The cells are now brought sequentially into registry with the spectrophotometer. The absorption readings are taken at a lower wavelength, as opposed to the visible region or the blue color development for the salicylates. The method of print-out could vary from a meter reading, a print-out on a recorder or a direct print-out that would be part of the spectrophotometer.

It is to be understood that the foregoing description of specific examples of this invention is made by way of example only and is not to be considered as a limitation on its scope.

Claims

What is claimed is:

1. A centrifuge comprising:

a housing,

drive means mounted in said housing and including a rotatable longitudinal shaft having a central axis,

a rotatable support member mounted on said shaft,

a plurality of cells mounted on said support member at an acute angle to said shaft for centrifugal rotation with said support member about said central axis,

peripheral means secured around each said cell for rotating each of said cells about its own respective axis on said support member, each said cell having a portion adapted for detecting the contents thereof,

an annular axially movable non-rotatable member selectively engageable with said peripheral means around said cells to rotate said plurality of cells simultaneously about their respective axes,

read out means disposed within said housing adjacent the path of said cells for detecting the contents of said cells, and

control means for sequentially positioning said cells adjacent said read out means.

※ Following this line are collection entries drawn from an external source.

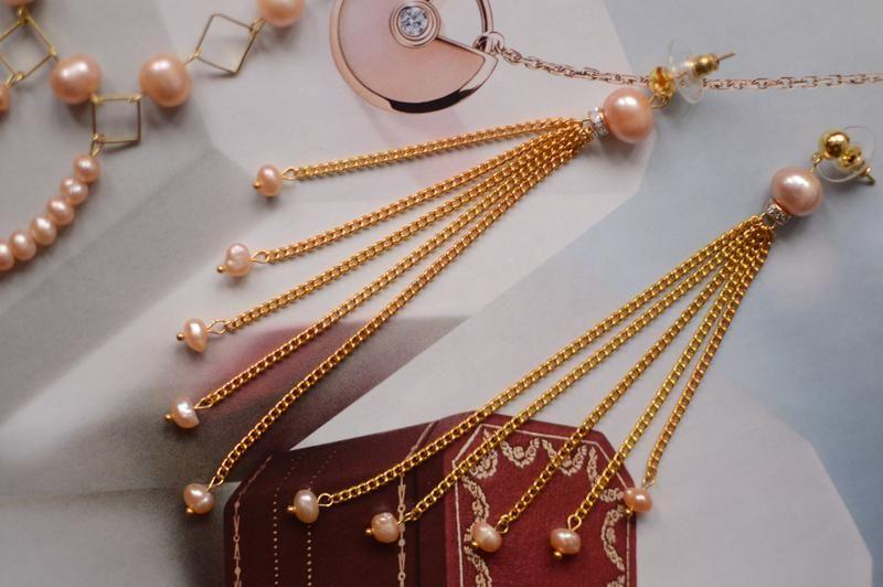 Серьги - цепочки с розовым жемчугом "жозефина"
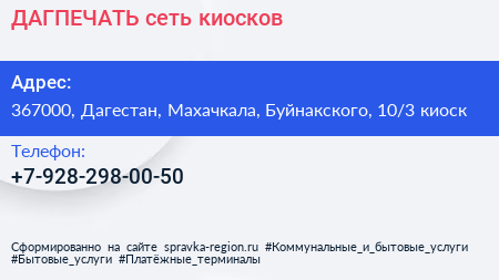 ДАГПЕЧАТЬ, сеть киосков по адресу 367000, Дагестан, Махачкала, Буйнакского, 10/3 киоск в дальнейшем Организация, размещена в следующих категориях:
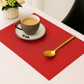A textura em PVC confere aderência, reduzindo o risco de deslizamento de utensílios durante as refeições. A coloração vermelha, combinada ao design retangular, proporciona um toque visual na composição da mesa, adequando-se a diferentes estilos de decoração. Sua manutenção se resume à limpeza com um pano úmido, dispensando a necessidade de lavagem e facilitando a rotina.

2. The centrifuge of claim 1 wherein said control means includes brake means for selectively stopping said cells.

3. The centrifuge of claim 2 wherein said control means includes means to selectively move said annular axially movable member into engagement with said cells.

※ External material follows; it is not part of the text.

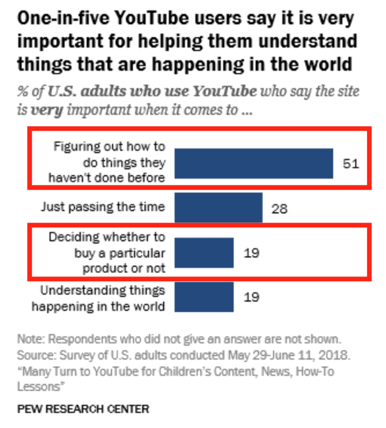 According to a Pew Research Center survey, 51% of YouTube users use the platform to figure out how to do things they haven’t done before, and 19% use the platform to decide whether to buy a particular product or not.

4. The centrifuge of claim 3 wherein said peripheral means and said annular member are gears, and said housing includes a pivotable cover plate, said annular gear member being mounted on the inside of said coverplate, and said control means includes a solenoid mounted on said coverplate to axially move said annular gear member.

5. The centrifuge of claim 3 wherein said read out means includes a light source on one side of said cell and a photocell on the other side within said housing to detect light passing through said cell.

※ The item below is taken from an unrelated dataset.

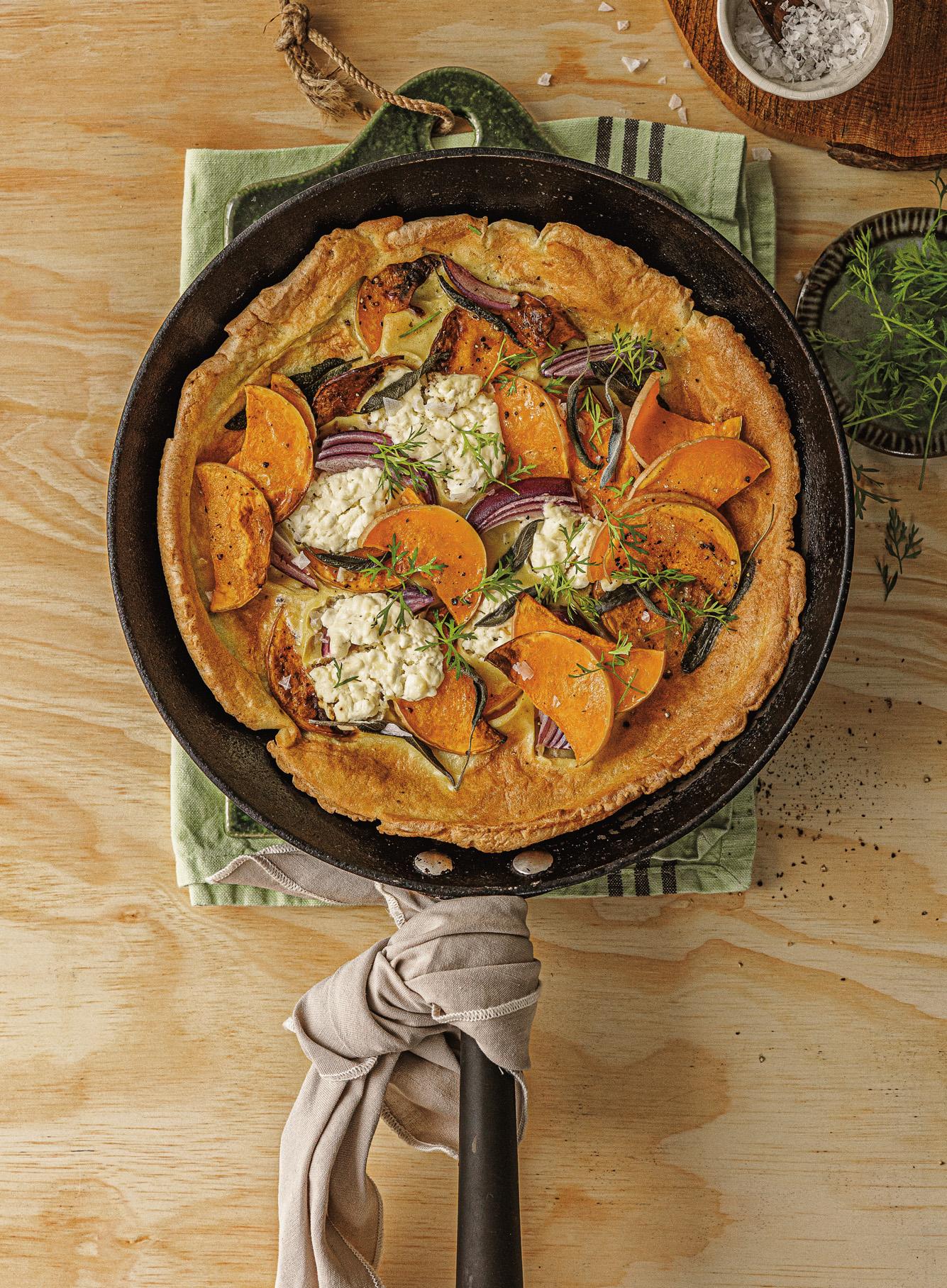 Pumpkin and red onion cottage cheese Dutch baby frittata

6. The centrifuge of claim 3 wherein said cell portion adapted for detecting said contents is removable.

7. The centrifuge according to claim 3 wherein said cell includes

an envelope;

a filter in said envelope barring the passage of given substances therethrough except under centrifugal force;

and means in said cell for mixing substances therein independently of centrifugal force.

8. The centrifuge according to claim 7 wherein said cell comprises

a plurality of aligned separable connected chambers with a filter in at least one of said chambers.

9. The centrifuge according to claim 8 in which said mixing means includes a magnetic element in each said cell movable about the axis of said cell upon rotation of said cell about its own axis, and a magnet mounted adjacent each said cell.

10. The centrifuge according to claim 8 further including spring biased grinding means responsive to rotation of the cell about its own axis for grinding solid substances.

11. The centrifuge of claim 8 wherein one of said chambers includes a window for insertion of substances there through.